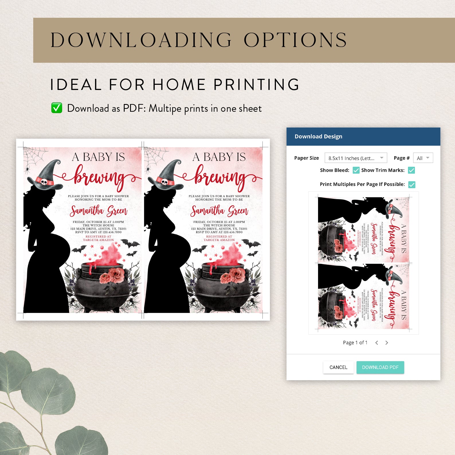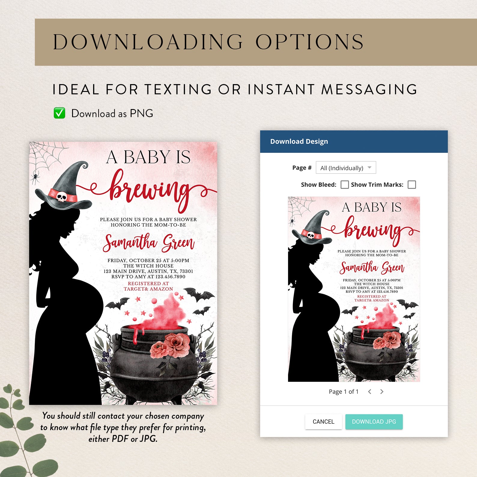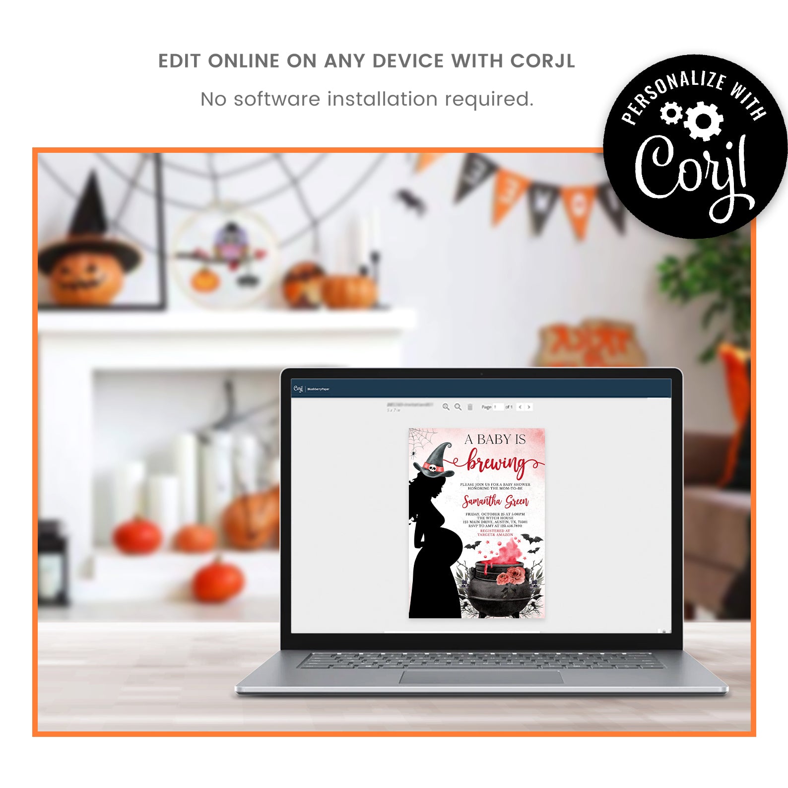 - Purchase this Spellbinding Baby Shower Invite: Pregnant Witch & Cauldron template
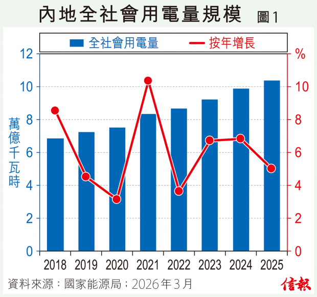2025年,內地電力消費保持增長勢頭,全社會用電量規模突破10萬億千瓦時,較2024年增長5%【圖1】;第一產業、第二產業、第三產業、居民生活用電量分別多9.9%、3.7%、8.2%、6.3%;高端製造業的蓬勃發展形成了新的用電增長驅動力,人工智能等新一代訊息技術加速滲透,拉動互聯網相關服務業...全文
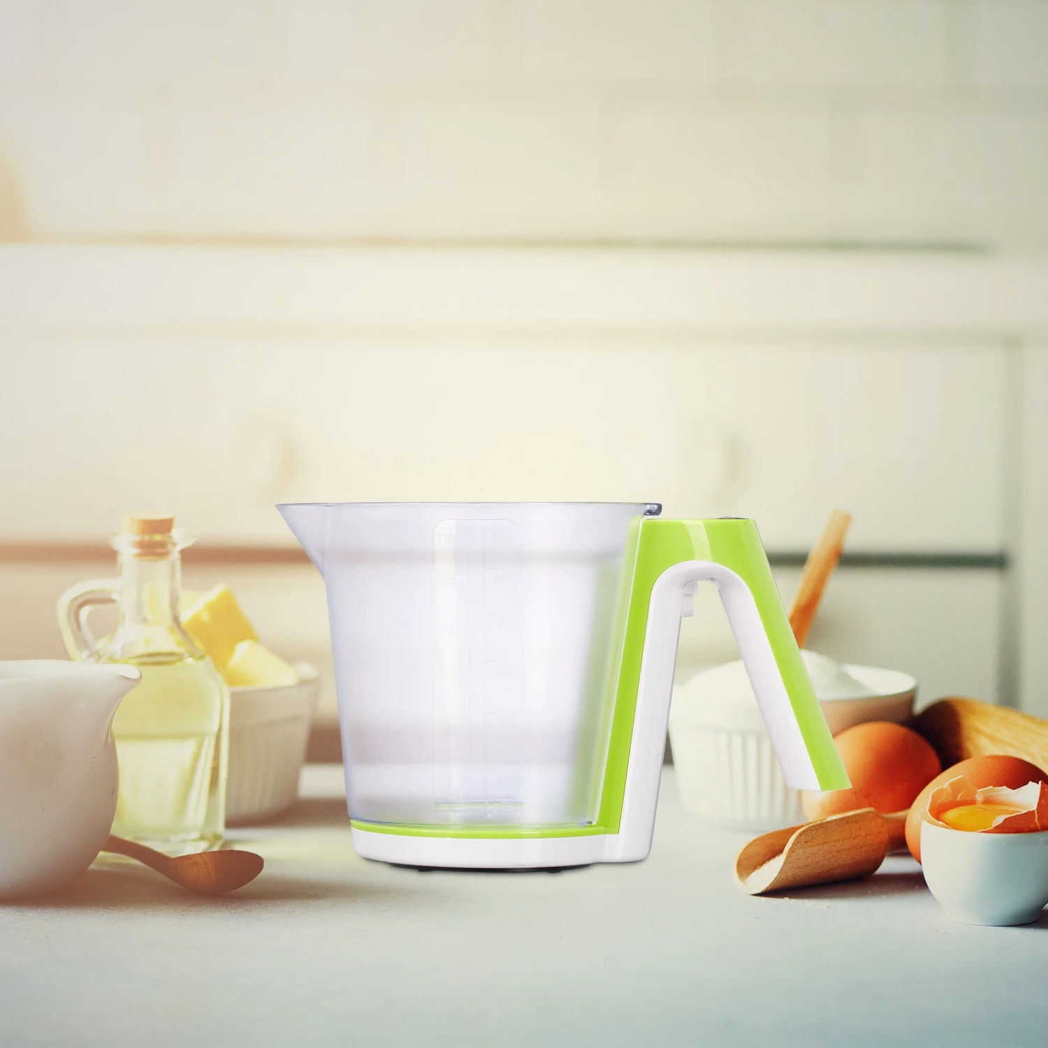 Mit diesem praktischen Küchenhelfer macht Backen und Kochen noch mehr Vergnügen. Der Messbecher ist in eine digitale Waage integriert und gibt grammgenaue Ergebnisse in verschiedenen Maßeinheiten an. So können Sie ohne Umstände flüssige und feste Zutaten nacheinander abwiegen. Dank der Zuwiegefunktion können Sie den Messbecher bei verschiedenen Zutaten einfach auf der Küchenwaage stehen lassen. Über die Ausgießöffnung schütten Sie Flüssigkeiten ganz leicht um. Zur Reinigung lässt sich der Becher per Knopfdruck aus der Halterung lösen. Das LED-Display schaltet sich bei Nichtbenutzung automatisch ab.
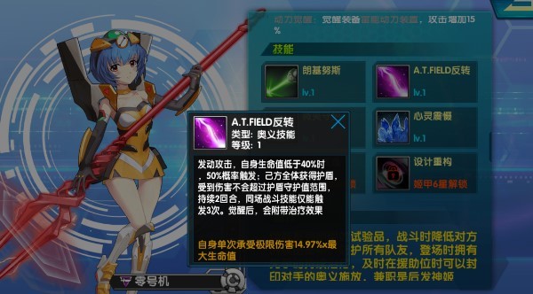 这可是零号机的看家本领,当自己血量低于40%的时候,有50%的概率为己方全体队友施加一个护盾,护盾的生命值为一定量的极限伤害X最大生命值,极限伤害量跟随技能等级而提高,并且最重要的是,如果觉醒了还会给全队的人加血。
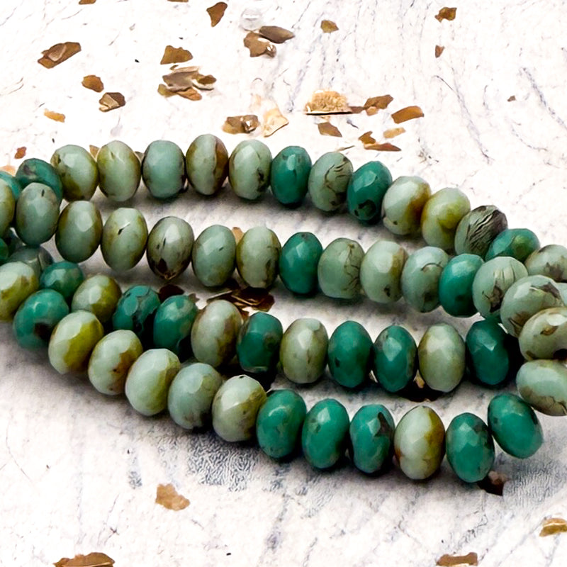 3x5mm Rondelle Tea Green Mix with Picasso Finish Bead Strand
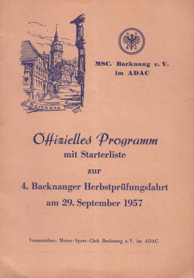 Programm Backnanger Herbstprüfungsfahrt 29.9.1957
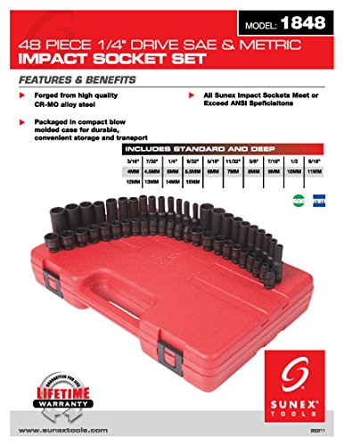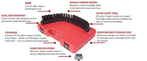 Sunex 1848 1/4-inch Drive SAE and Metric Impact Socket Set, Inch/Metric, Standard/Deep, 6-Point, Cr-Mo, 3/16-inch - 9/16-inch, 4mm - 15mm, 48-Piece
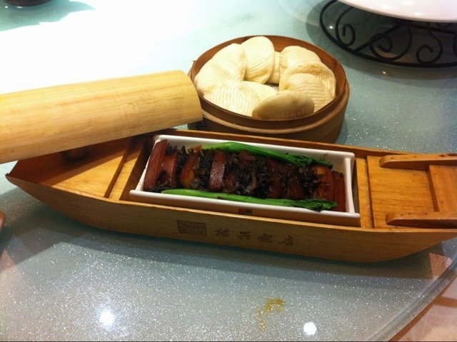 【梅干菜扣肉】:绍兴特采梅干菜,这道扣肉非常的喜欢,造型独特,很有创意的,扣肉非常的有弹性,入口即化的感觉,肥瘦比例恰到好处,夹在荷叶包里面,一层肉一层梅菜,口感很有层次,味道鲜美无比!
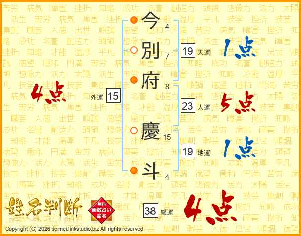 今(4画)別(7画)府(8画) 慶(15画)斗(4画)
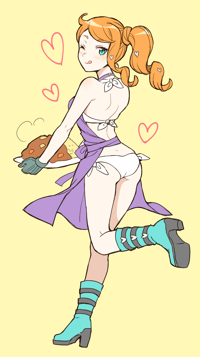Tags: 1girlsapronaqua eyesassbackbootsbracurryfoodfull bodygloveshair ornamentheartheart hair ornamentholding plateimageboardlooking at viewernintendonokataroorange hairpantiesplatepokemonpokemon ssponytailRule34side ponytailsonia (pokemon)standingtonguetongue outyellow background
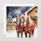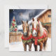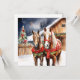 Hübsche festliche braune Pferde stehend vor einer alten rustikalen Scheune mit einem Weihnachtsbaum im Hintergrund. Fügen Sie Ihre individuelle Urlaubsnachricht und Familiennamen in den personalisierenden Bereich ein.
#####
EXERCISE
Verbatim copy, pictures excluded: output the lines from the first line of the records above through the line containing "2025年,內地電力消費保持".

RESPONSE FOR THIS EXERCISE
 - Purchase this Spellbinding Baby Shower Invite: Pregnant Witch & Cauldron template
2025年,內地電力消費保持增長勢頭,全社會用電量規模突破10萬億千瓦時,較2024年增長5%【圖1】;第一產業、第二產業、第三產業、居民生活用電量分別多9.9%、3.7%、8.2%、6.3%;高端製造業的蓬勃發展形成了新的用電增長驅動力,人工智能等新一代訊息技術加速滲透,拉動互聯網相關服務業...全文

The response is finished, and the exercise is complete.